Article III courts (also called Article III tribunals) are the U.S. Supreme Court and the inferior courts of the United States established by Congress, which currently are the 13 United States courts of appeals, the 91 United States district courts (including the districts of D.C. and Puerto Rico, but excluding three other territorial district courts), and the U.S. Court of International Trade. They constitute the judicial branch of the federal government (which is defined by Article III of the Constitution).

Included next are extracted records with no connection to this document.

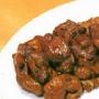 配料: 猪肝400克,熟猪油200克,木耳20克,泡辣椒4只,料酒2茶匙,时菜20克,蒜、葱、姜各适量,生粉少许。 操作: 将猪肝(选用新鲜细沙猪肝)洗净,滤干水分
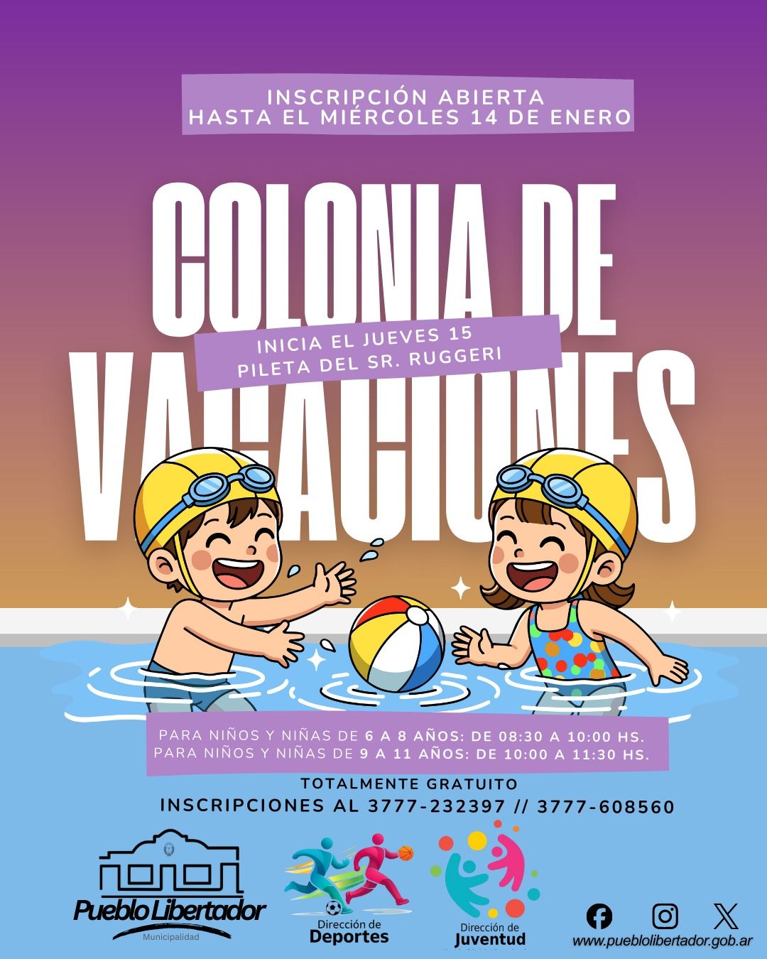 La Municipalidad de Pueblo Libertador informó que ya se encuentra abierta la inscripción para la Colonia de Vacaciones 2026, una propuesta gratuita destinada a niños y niñas de la localidad.
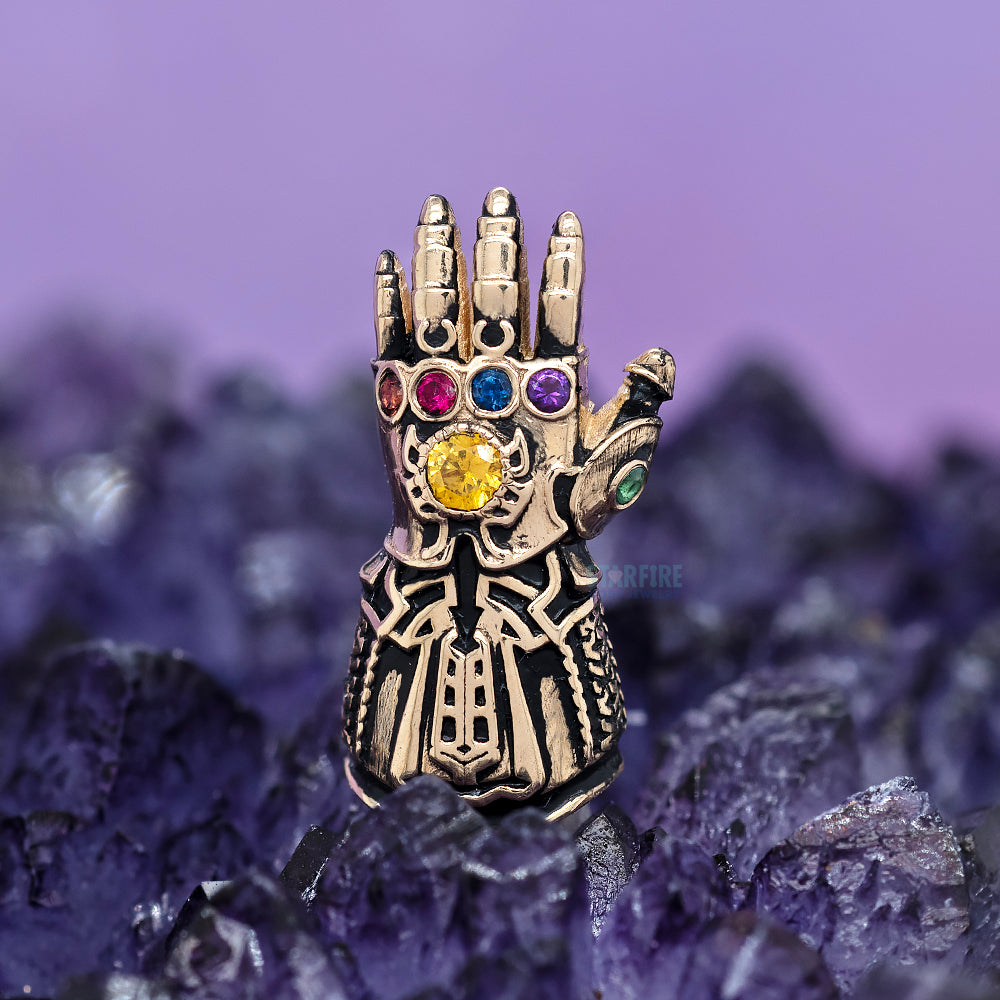 This antiqued gemstone encrusted Infinity Gauntlet is the perfect accessory for any Marvel fan!
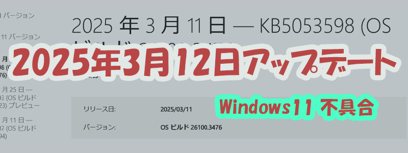 2025年3月12日にリリースされたWindowsアップデート(KB5053598)が、いろいろなトラブルを引き起こしているという声が多く聞かれます。この記事では、初心者の方でも分かるように、どんな問題が起きているのか、そしてどう対処すればよいのかを解説します。
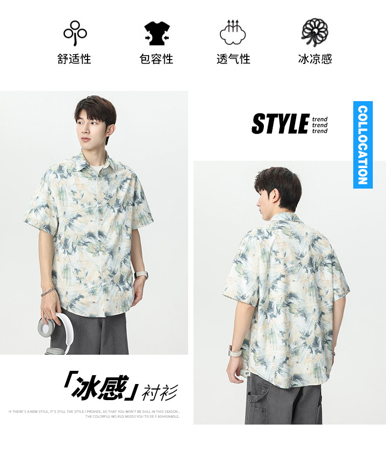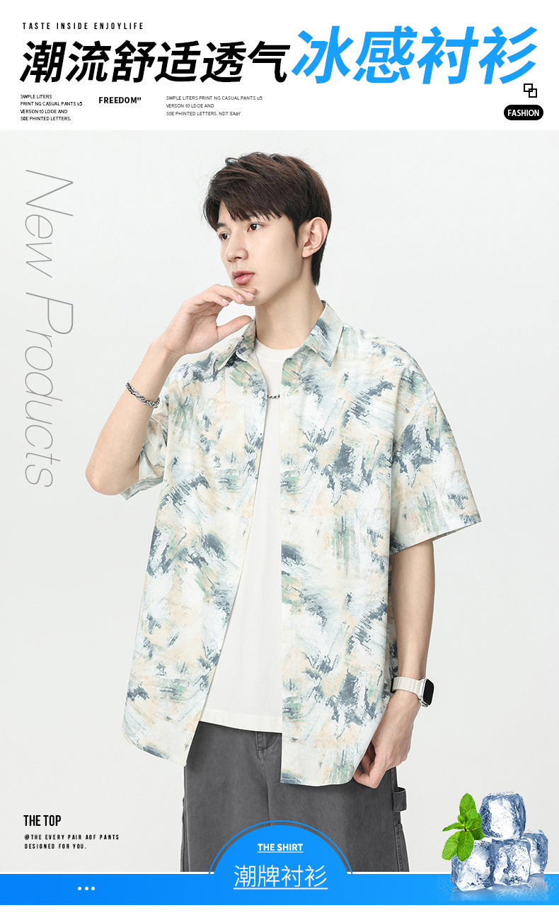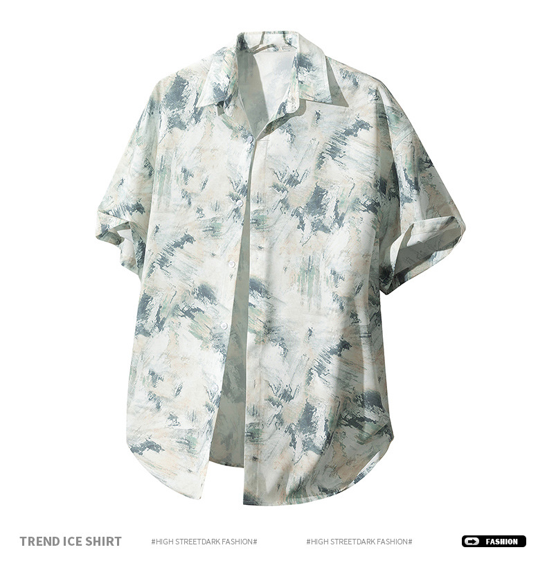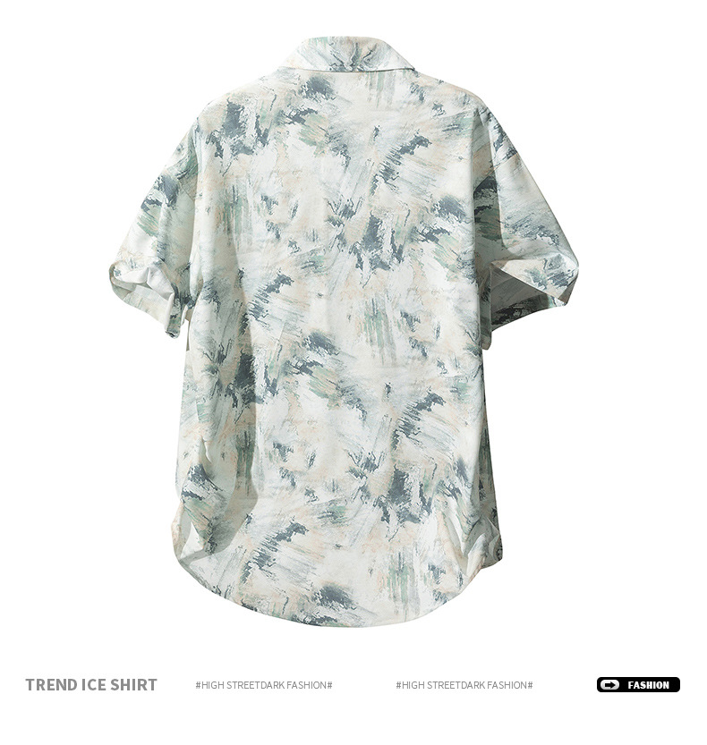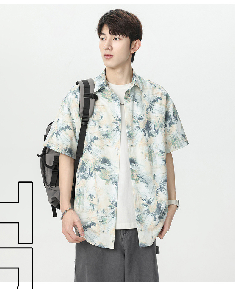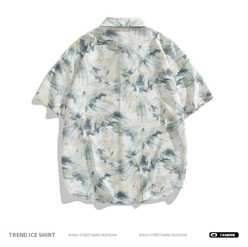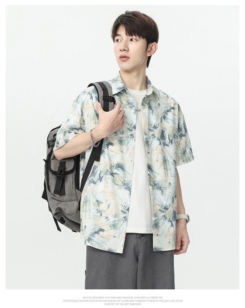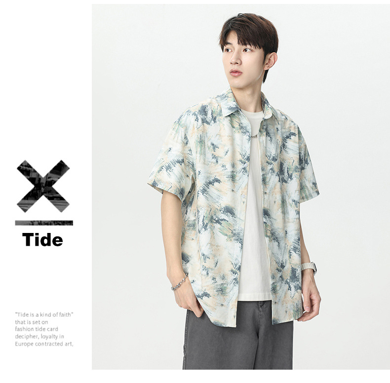 남성용 타이 염색 반팔 셔츠 여름 신작 트렌디 브랜드 루즈 라펠 반팔 셔츠 소년 및 청소년 트렌디 탑

Pursuant to the Appointments Clause in Article II, all members of Article III tribunals are appointed by the President and confirmed by the Senate. These courts are protected against undue influence by the other branches of government. Judges may not have their salaries reduced during their tenure in office, and their appointment is for life—barring removal from office "on impeachment for, and conviction of, Treason, Bribery, or other high crimes and misdemeanors".[1]

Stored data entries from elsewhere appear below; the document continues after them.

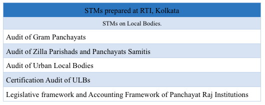 RTI, Kolkata has prepared five STMs on audit of Local bodies. These address audit of Gram Panchayats, Audit of Panchayat Samiti and Zilla Parishad, Audit of Urban Local Bodies. The modules were chiefly based on, among others,
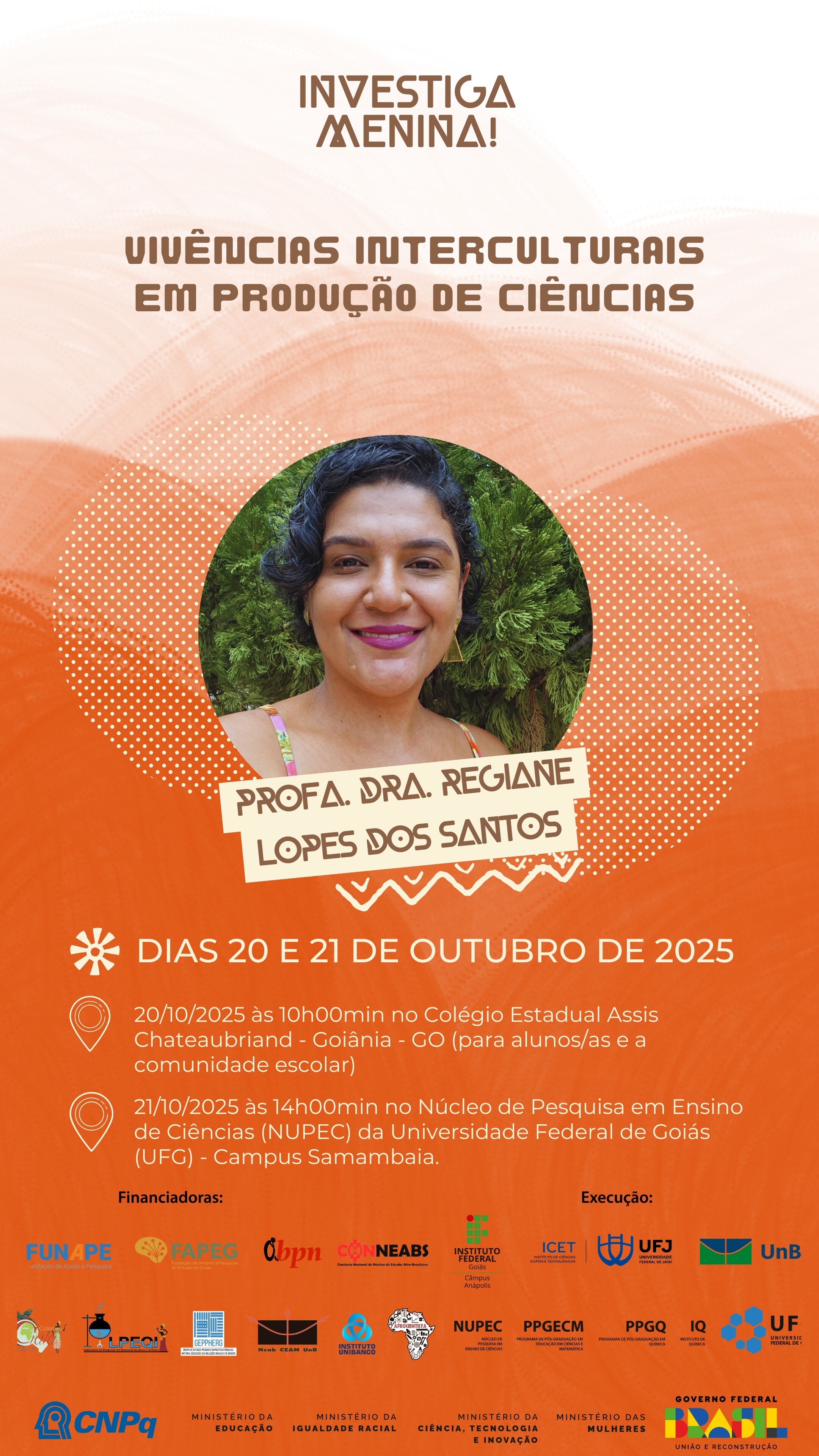 👩🏽🔬Vem aí, a 5ª Vivência Intercultural em Produção de Ciências do Investiga Menina de 2025, por meio do Edital do Conselho Nacional de Desenvolvimento Científico e Tecnológico - CNPq/ Ministério da Ciência, Tecnologia e Inovação - MCTI e o Ministério das Mulheres nº 31/2023 - Meninas nas Ciências Exatas, Engenharias e Computação e por meio do Edital 003/2024 do Ministério da Igualdade Racial (MIR), com apoio do Geppherg - FE e do Neab da Universidade de Brasília (UnB), dos editais “Programa de Auxílio à Pesquisa Científica e Tecnológica – Pró-Licenciaturas”, "Apoio a Projetos de Extensão de Instituições de Ensino Superior do Estado de Goiás" e "Mulheres em STEM", da Fundação de Amparo à Pesquisa do Estado de Goiás (FAPEG) e da Fundação de Apoio à Pesquisa (FUNAPE) da Universidade Federal de Goiás (UFG).
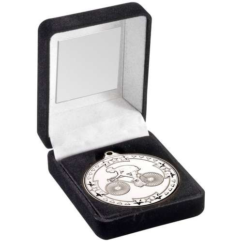 Black Velvet Medal Box And 50mm Medal Cycling Trophy Silver - 3.5in
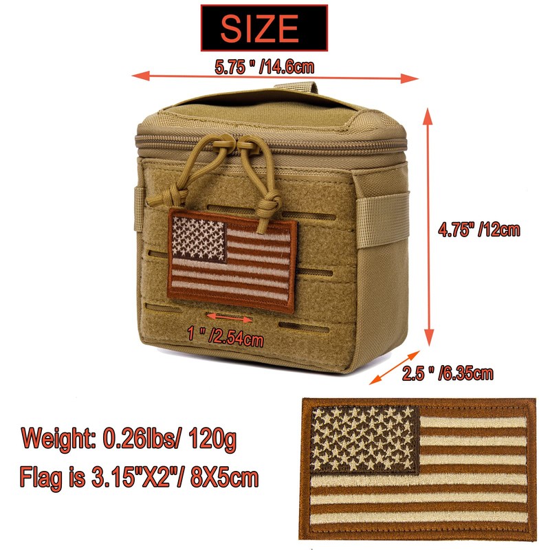 - FRONT LASER-CUT LOOP : Tactical molle pouch have 9 pcs laser cut hole . Molle platform for storing additional tools, mounting memorable patches, adding customization/tactical ID, attaching additional MOLLE gear. Adding our free flag patch will makes it more conspicuous and fashionable
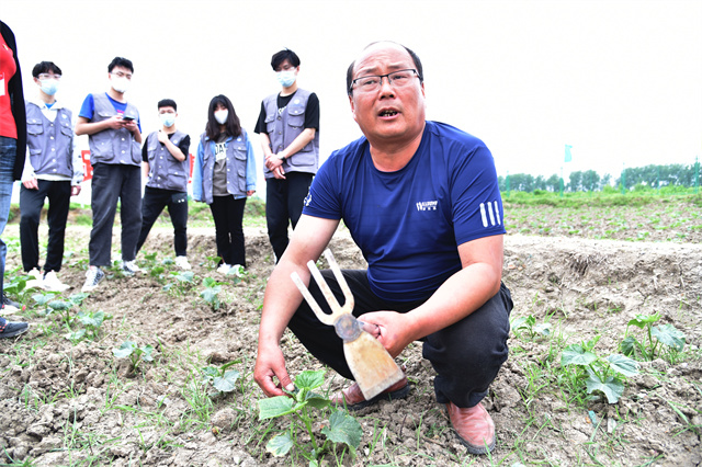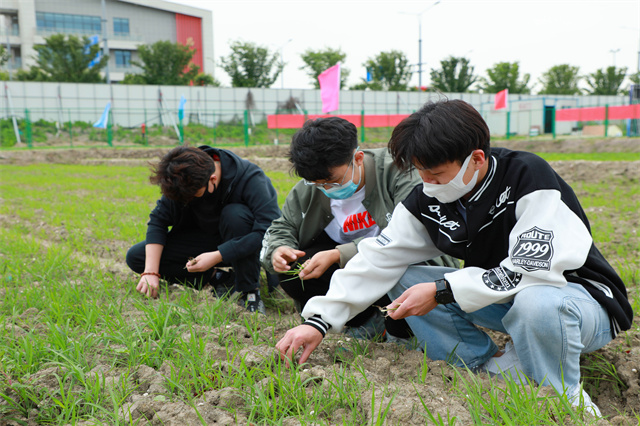 劳动教育活动开始后,学校劳动实践基地技术指导老师荀财华为现场师生们示范了常用农具的操作,并向师生讲授了常见的虫害防护知识,师生们认真学习,随后进入农作区开展劳动实践。师生们的身影在田间穿梭,他们面朝黄土,背向骄阳,弯下的腰肢是青春中有力的曲线,洒下的汗水是岁月里最美的风景。有些同学是第一次下田干活,他们手法生涩,但却很认真地在学习。来自人文社科系数字媒体技术201班的杨嘉骁同学表示,“这块地既然给我们,我们就要干好。”他与同班同学都在互相较劲,比谁干得更快更好。来自人文社科系数字媒体技术201班的李浠林同学表达自己的想法:“在干农活过程中虽然有很多不会的事情,但和同学们一起做农活是很快乐的,也体会到劳动带来的满足。”她认为,这个活动让他们体会到农民伯伯丰收的喜悦,感受到粮食的来之不易。

Under the Constitution, Congress can vest these courts with jurisdiction to hear cases involving the Constitution or federal law and certain cases involving disputes between citizens of different states or countries. Among the matters susceptible of judicial determination, but not requiring it, are: claims against the United States, the disposal of public lands and related claims, questions concerning membership in Indian tribes, and questions arising out of the administration of customs laws and the Internal Revenue Code.[2]

Article I tribunals

Article I tribunals include Article I courts (also called legislative courts) set up by Congress to review agency decisions, military courts-martial appeal courts, ancillary courts with judges appointed by Article III appeals court judges, or administrative agencies and administrative law judges (ALJs). Article I judges do not enjoy the same protections as their Article III counterparts. For example, these judges do not enjoy life tenure, and Congress may reduce their salaries.

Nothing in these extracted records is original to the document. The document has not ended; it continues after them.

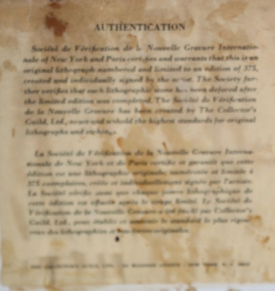 VTG original lithograph of France River limited ed COA Societe de Verification
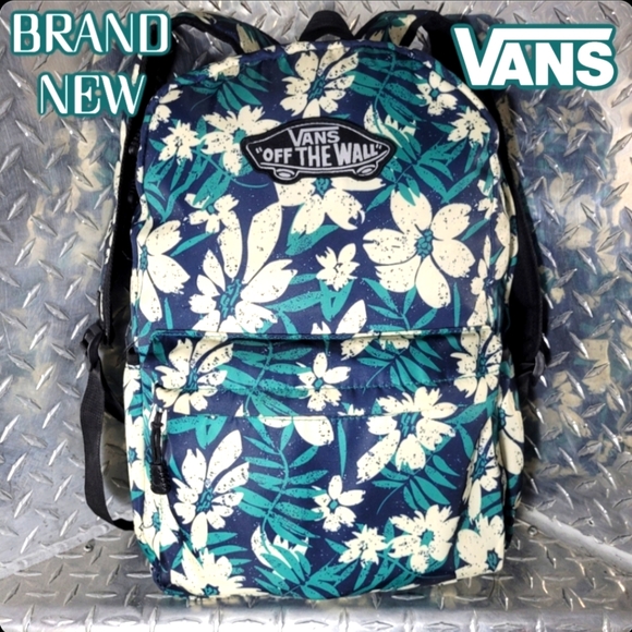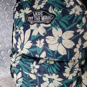Vans backpack with a vibrant floral design. Features a mix of blue, green, and white colors.
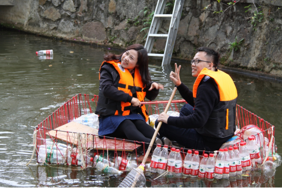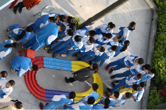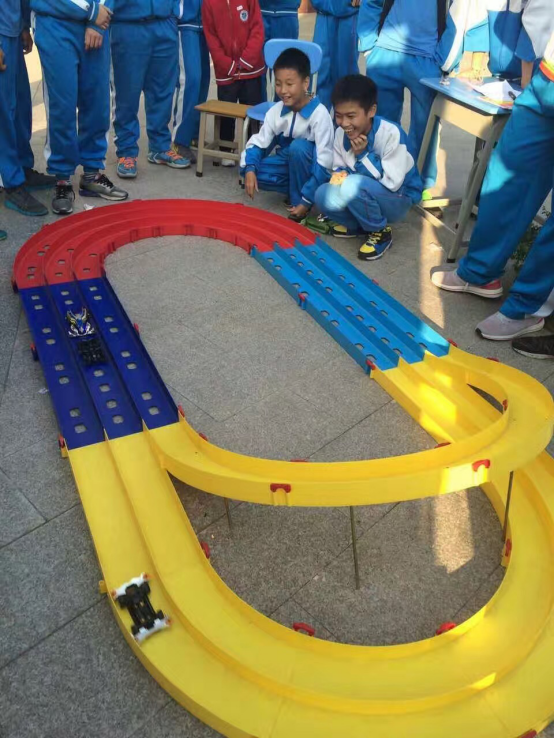 除实验室推出的科技体验,同学们还有以班级或小组为单位做出了许多有意思的产品。初中的同学使用生活中常用可利用废品,以及购买有关的电脑芯片,硬件等组建成一个机器人,并使用软件编写程序上传到芯片里,实现机器人直行和拖地功能。初一3、初一4班以废旧塑料瓶为材料,制作出可载人的大型船体并在水上展示。另外还有化学仿真实验创作技能大赛、金刚石模型制作比赛、生物绘图比赛、水火箭、轨道车等。这场全校师生参与的科技节还展出低年级的DIY科技作品。
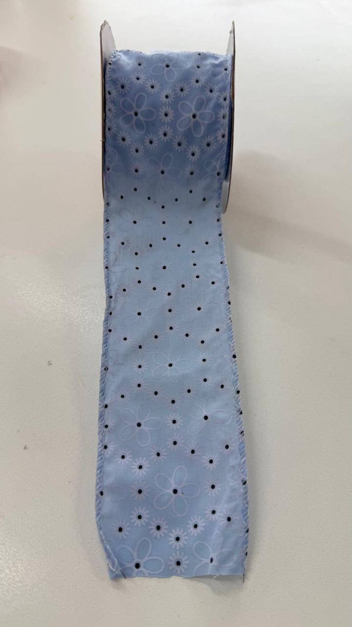 Fita aramada azul com flores brancas e pretas 6,3cmx9,14m

The existence of Article I tribunals has long been controversial, and their power challenged numerous times. The Supreme Court has consistently affirmed their Constitutionality, and has delineated their power on several occasions. In Murray's Lessee v. Hoboken Land & Improvement Co. (59 U.S. (18 How.) 272 (1856)) the Supreme Court ruled that some legal matters, specifically those involving public rights, are inherently judicial, and thus Article I tribunal decisions are susceptible to review by an Article III court. Later, in Ex parte Bakelite Corp. (279 U.S. 438 (1929)), the Court declared that Article I courts "may be created as special tribunals to examine and determine various matters, arising between the government and others, which from their nature do not require judicial determination and yet are susceptible of it".[2]

Article IV tribunals

Article IV tribunals are the United States territorial courts, established in territories of the United States by the United States Congress, pursuant to its power under Article Four of the United States Constitution, the Territorial Clause.[3] Many United States territorial courts are defunct because the territories under their jurisdictions have become states or have been retroceded.

An example of a territorial court is the High Court of American Samoa, a court established pursuant to the Constitution of American Samoa. As an unincorporated territory, the Ratification Act of 1929 vested all civil, judicial and military powers in the President, who in turn delegated authority to the Secretary of the Interior in Executive Order 10264, who in turn promulgated the Constitution of American Samoa, which authorizes the court. As such, the Secretary retains ultimate authority over the courts.[4]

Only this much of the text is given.